Sunday, March 10, 2013

The Power to End Unequal Treatment

When the laws of people are in line with the law of God, these laws show us what sin is, how to properly treat people and what good is. Matthew 7:12 English Standard Version Bible says, "“So whatever you wish that others would do to you, do also to them, for this is the Law and the Prophets." Galatians 3:28-29 the Message Bible says, "In Christ’s family there can be no division into Jew and non-Jew, slave and free, male and female. Among us you are all equal. That is, we are all in a common relationship with Jesus Christ. Also, since you are Christ’s family, then you are Abraham’s famous “descendant,” heirs according to the covenant promises."

Rosa Parks, mother of the Civil Rights Movement, fought for the implementation in American society of the idea that all people are equal. When Parks refused to give up her seat in December 1955 in obedience to segregation law, she was arrested.

Parks had been branch secretary for the Montgomery, Alabama NAACP for several years. Along with Edgar Daniel Nixon, head of the Montgomery, Alabama NAACP, and other Civil Rights leaders, Parks agreed to use her case to pursue an end to segregation. The Civil Rights leaders also decided to boycott the Montgomery buses. Christian Minister and Civil Rights Leader Martin Luther King, Jr., said, "We're going to work with grim and firm determination to gain justice on the buses in this city. And...we are not wrong in what we are doing. If we are wrong, the Constitution of the United States is wrong...If we are wrong, justice is a lie. And we are determined here in Montgomery to work and fight until justice runs down like water and righteousness like a mighty stream..."

After a little more than one year of the boycott, the U.S. Supreme Court ruled in favor of Rosa Parks, declaring Alabama's bus segregation laws unconstitutional. It was the beginning of the end of segregation.
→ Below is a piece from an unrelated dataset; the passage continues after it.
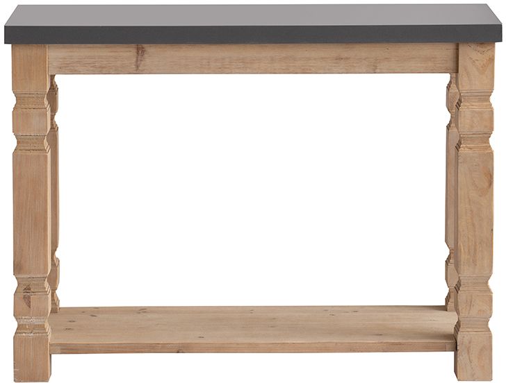 This dynamic console table has a powerful presence, with its concrete surface and superbly detailed wooden frame delivering style and substance. The gray concrete tabletop and wooden body complement each other beautifully, while the turned wooden legs give the piece an impressive decorative quality. Rustic and modern, this table is a striking piece for your living room.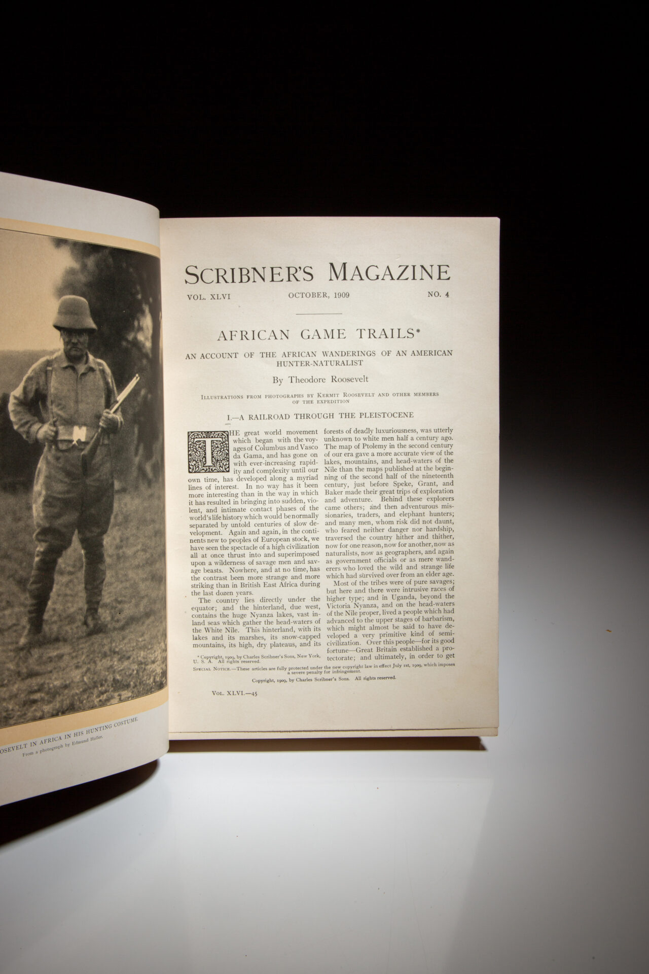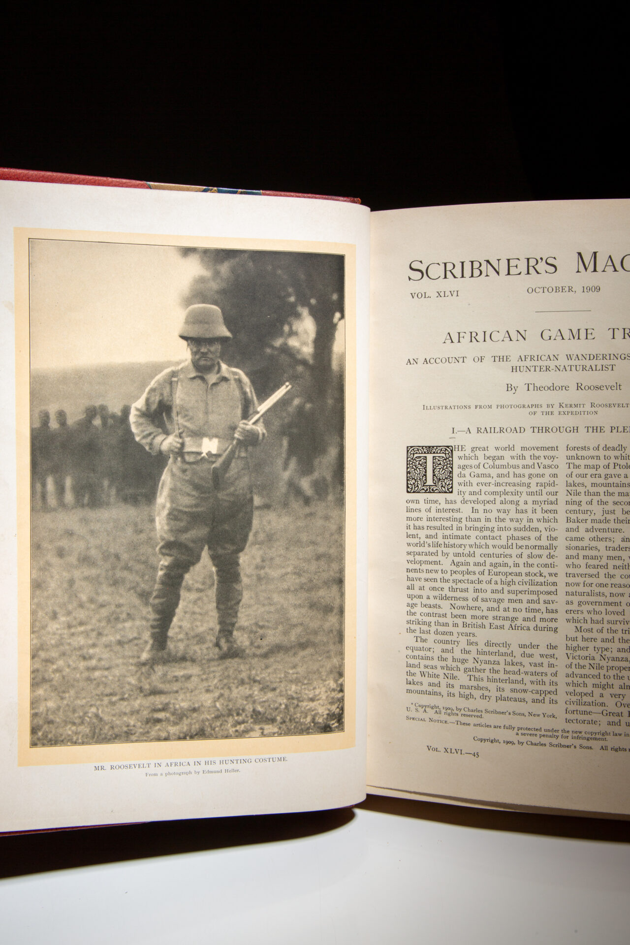The serialized publications of African Game Trails by Theodore Roosevelt, from Scribner’s Magazine, 1909-1910.

Parks said, "People always say that I [didn't give] up my seat because I was I was tired, but that isn't true. I was not tired physically...The only tired I was, was tired of giving in."

Segregation eventually became illegal in the United States of America, but not all unequal treatment as evidenced by issues such as abortion, immigration, disability, sexuality and employment. Why do we still struggle with unequal treatment?

Christian Minister Watchman Nee said in his book The Normal Christian Life, "When God's light first shines into my heart my one cry is for forgiveness, for I realize I have committed sins before him; but when once I have received forgiveness of sins I make a new discovery, namely, the discovery of sin, and I realize not only that I have committed sins before God but that there is something wrong within. I discover that I have the nature of a sinner. There is an inward inclination to sin, a power within that draws to sin. When that power breaks out I commit sins. I may seek and receive forgiveness, but then I sin once more. So life goes on in a vicious circle of sinning and being forgiven and then sinning again. I appreciate the blessed fact of God's forgiveness, but I want something more than that: I want deliverance. I need forgiveness for what I have done, but I need also deliverance from what I am."

We all need a daily dose of God the Holy Ghost to be delivered from who we are and to live in growing evidence of the love of God on the inside showing up on the outside. The more people living in the ways of God empowered by God, the less unequal treatment and the less other sin. God living on the inside is the power to fulfill love. Romans 13:10 Amplified Bible says, "Love does no wrong to one’s neighbor [it never hurts anybody]. Therefore love meets all the requirements and is the fulfilling of the Law."